Material supplied:
▬▬▬▬▬▬▬▬▬▬
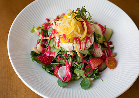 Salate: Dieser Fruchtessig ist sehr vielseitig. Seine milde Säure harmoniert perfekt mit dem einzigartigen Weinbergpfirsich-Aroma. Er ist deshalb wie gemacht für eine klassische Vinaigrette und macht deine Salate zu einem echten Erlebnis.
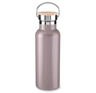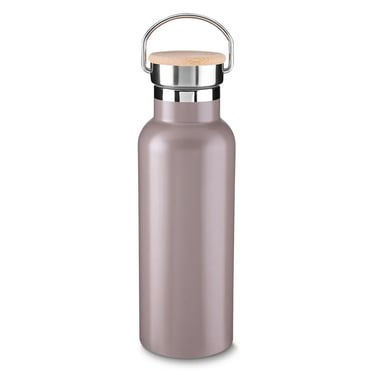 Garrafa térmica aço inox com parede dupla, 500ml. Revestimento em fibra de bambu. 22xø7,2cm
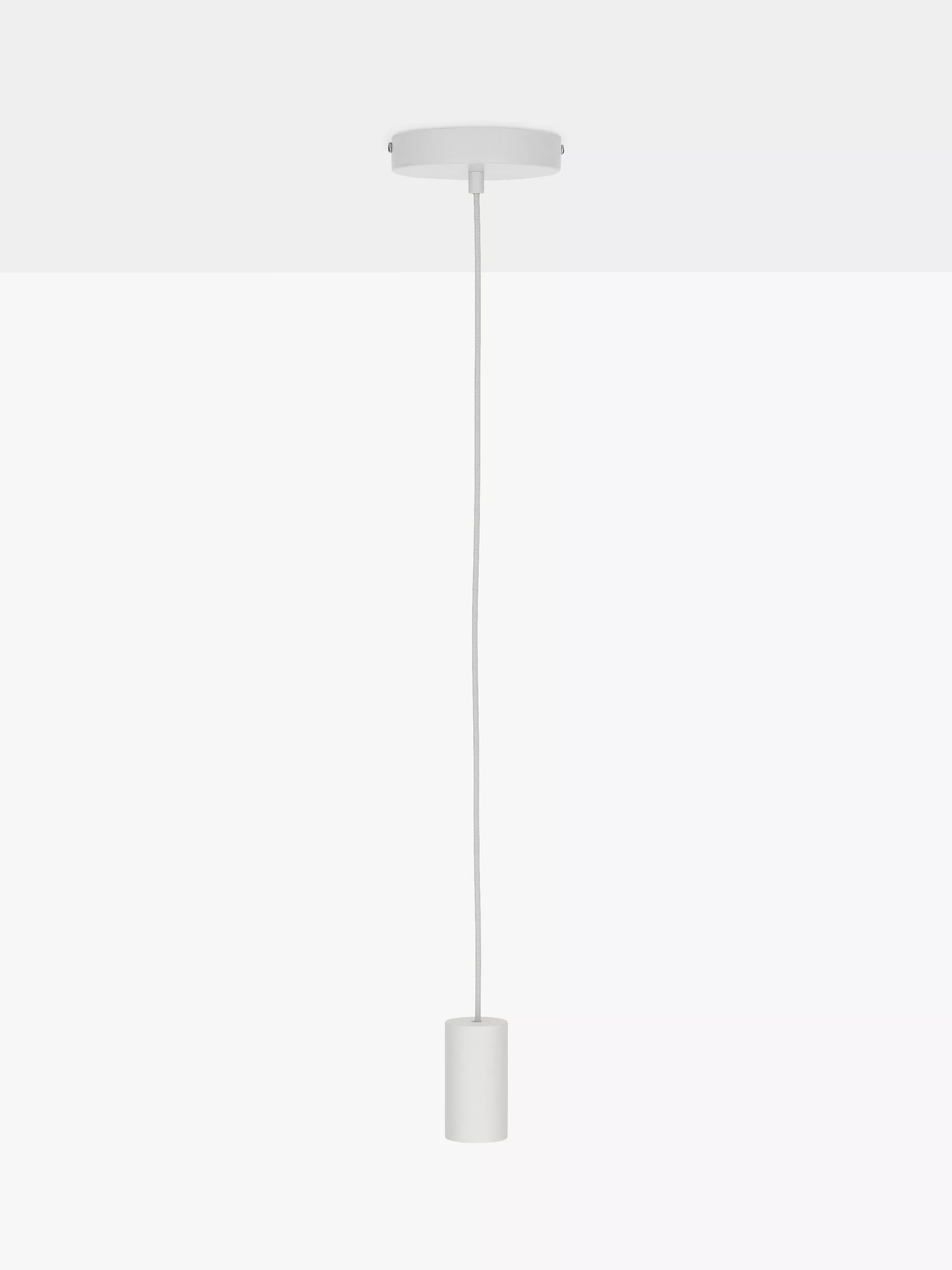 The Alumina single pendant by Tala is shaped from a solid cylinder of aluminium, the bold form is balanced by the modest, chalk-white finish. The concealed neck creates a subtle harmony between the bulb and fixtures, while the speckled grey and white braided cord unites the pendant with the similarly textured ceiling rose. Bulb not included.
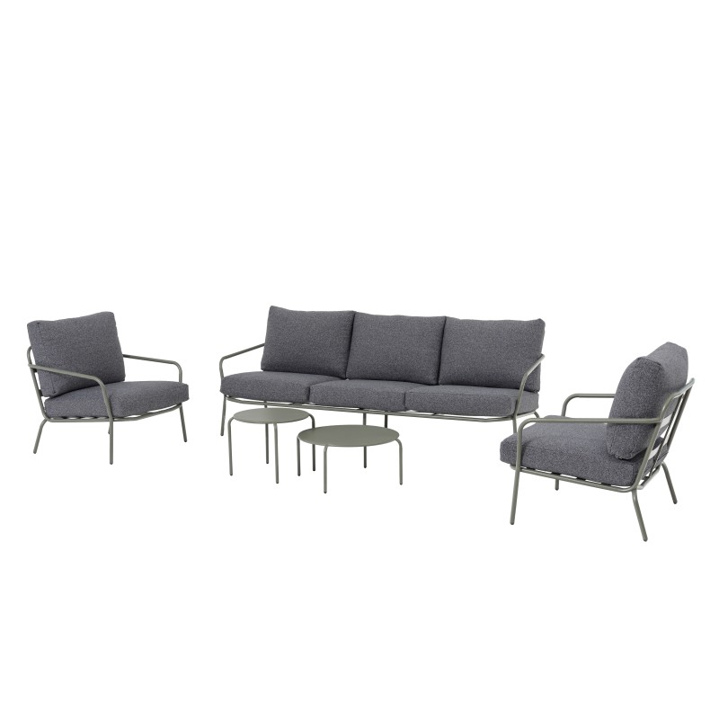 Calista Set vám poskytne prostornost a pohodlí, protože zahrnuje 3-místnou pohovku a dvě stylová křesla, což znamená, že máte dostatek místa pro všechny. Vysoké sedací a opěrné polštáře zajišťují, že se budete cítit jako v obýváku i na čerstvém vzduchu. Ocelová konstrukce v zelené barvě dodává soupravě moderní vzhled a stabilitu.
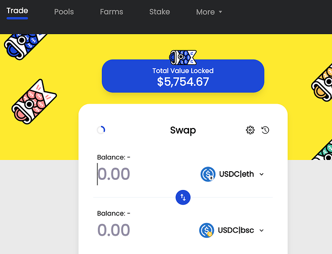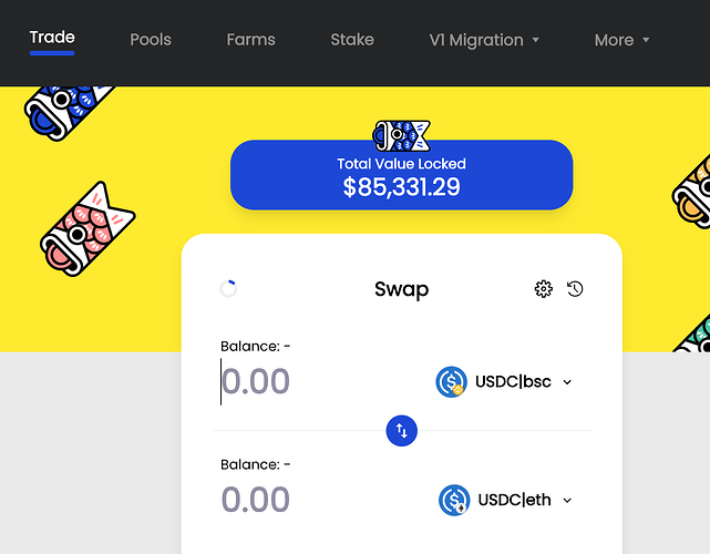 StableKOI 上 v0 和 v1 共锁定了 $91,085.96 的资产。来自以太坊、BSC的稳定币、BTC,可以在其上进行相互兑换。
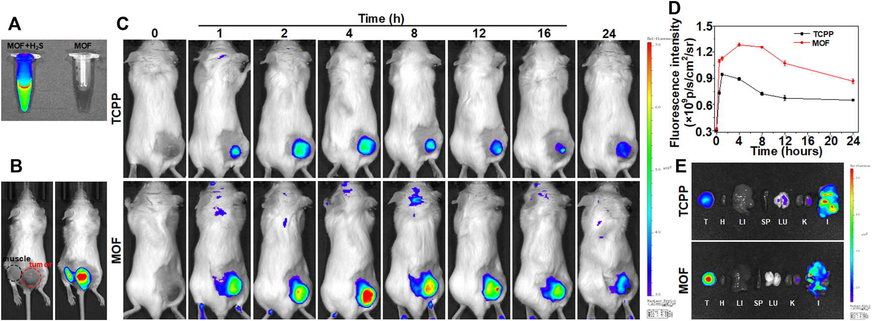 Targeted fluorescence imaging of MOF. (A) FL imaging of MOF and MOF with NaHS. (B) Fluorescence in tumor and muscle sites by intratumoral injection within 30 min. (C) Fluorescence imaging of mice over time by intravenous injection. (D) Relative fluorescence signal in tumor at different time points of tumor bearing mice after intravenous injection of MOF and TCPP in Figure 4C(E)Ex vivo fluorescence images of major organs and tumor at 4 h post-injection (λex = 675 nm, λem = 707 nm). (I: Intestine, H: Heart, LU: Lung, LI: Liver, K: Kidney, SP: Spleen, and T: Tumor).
▬▬▬▬▬▬▬▬▬▬
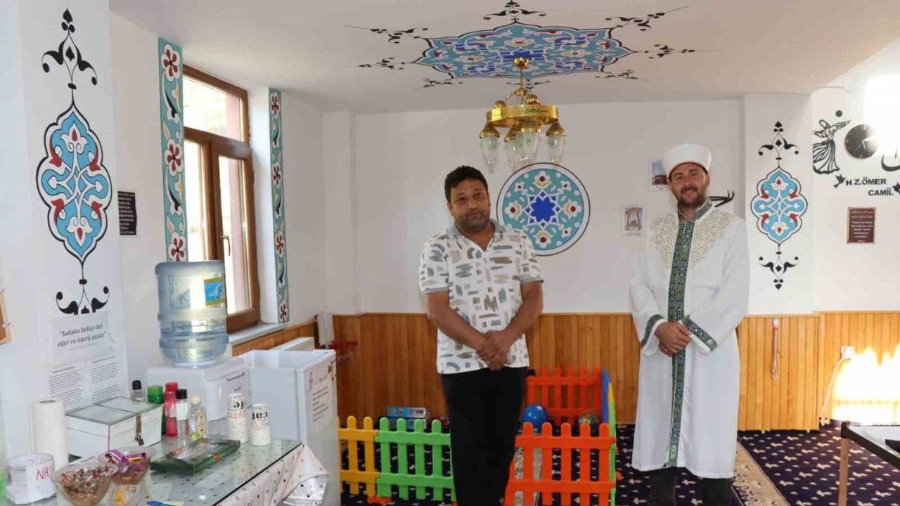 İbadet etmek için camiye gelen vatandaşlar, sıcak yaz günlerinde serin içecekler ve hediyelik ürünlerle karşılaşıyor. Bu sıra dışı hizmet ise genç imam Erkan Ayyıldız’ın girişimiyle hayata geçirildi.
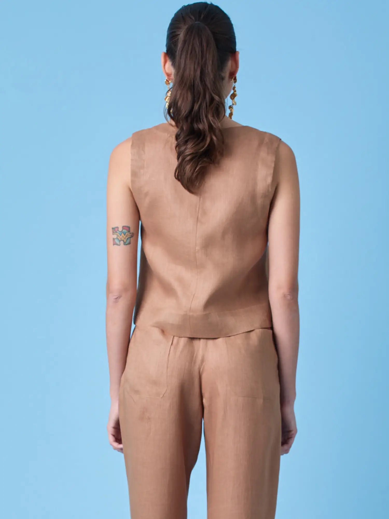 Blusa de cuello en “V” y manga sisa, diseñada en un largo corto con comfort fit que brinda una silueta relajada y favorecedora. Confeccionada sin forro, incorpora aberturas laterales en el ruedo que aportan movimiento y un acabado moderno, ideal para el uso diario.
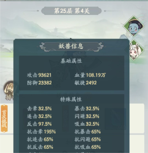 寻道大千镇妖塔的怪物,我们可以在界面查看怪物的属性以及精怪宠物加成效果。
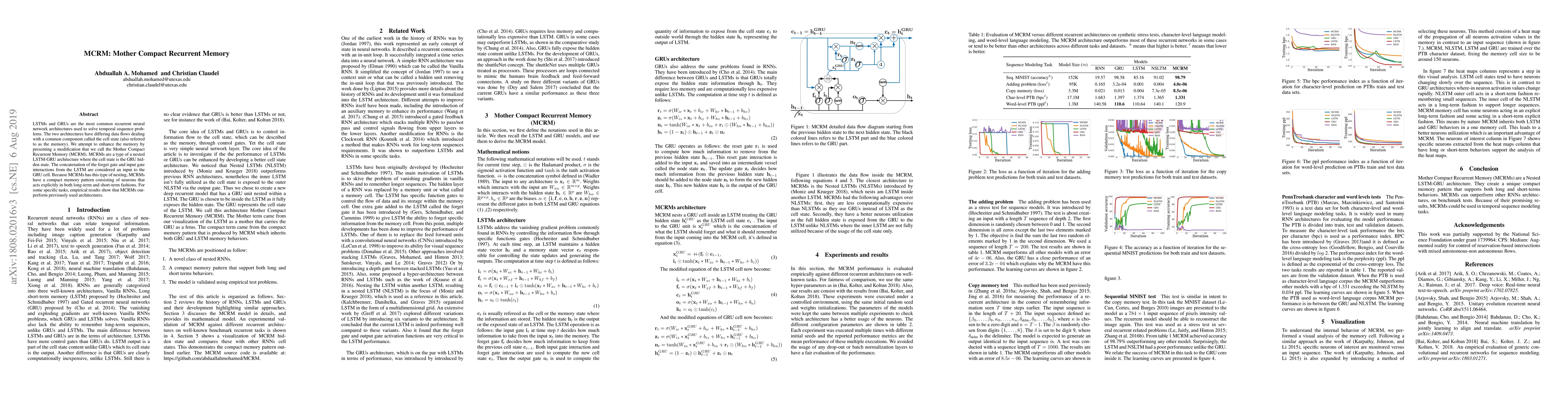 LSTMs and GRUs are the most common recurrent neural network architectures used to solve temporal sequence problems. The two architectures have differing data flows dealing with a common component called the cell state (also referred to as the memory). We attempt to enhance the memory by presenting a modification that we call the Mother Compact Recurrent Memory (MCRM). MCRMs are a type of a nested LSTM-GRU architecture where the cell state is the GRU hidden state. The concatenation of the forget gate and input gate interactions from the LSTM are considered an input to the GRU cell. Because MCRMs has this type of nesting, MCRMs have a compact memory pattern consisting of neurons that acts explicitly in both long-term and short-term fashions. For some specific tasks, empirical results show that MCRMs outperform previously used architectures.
▬▬▬▬▬▬▬▬▬▬
From the line containing "İbadet etmek için" through the line containing "LSTMs and GRUs", copy every line above exactly, without pictures.

Exercise output:
 İbadet etmek için camiye gelen vatandaşlar, sıcak yaz günlerinde serin içecekler ve hediyelik ürünlerle karşılaşıyor. Bu sıra dışı hizmet ise genç imam Erkan Ayyıldız’ın girişimiyle hayata geçirildi.
 Blusa de cuello en “V” y manga sisa, diseñada en un largo corto con comfort fit que brinda una silueta relajada y favorecedora. Confeccionada sin forro, incorpora aberturas laterales en el ruedo que aportan movimiento y un acabado moderno, ideal para el uso diario.
 寻道大千镇妖塔的怪物,我们可以在界面查看怪物的属性以及精怪宠物加成效果。
 LSTMs and GRUs are the most common recurrent neural network architectures used to solve temporal sequence problems. The two architectures have differing data flows dealing with a common component called the cell state (also referred to as the memory). We attempt to enhance the memory by presenting a modification that we call the Mother Compact Recurrent Memory (MCRM). MCRMs are a type of a nested LSTM-GRU architecture where the cell state is the GRU hidden state. The concatenation of the forget gate and input gate interactions from the LSTM are considered an input to the GRU cell. Because MCRMs has this type of nesting, MCRMs have a compact memory pattern consisting of neurons that acts explicitly in both long-term and short-term fashions. For some specific tasks, empirical results show that MCRMs outperform previously used architectures.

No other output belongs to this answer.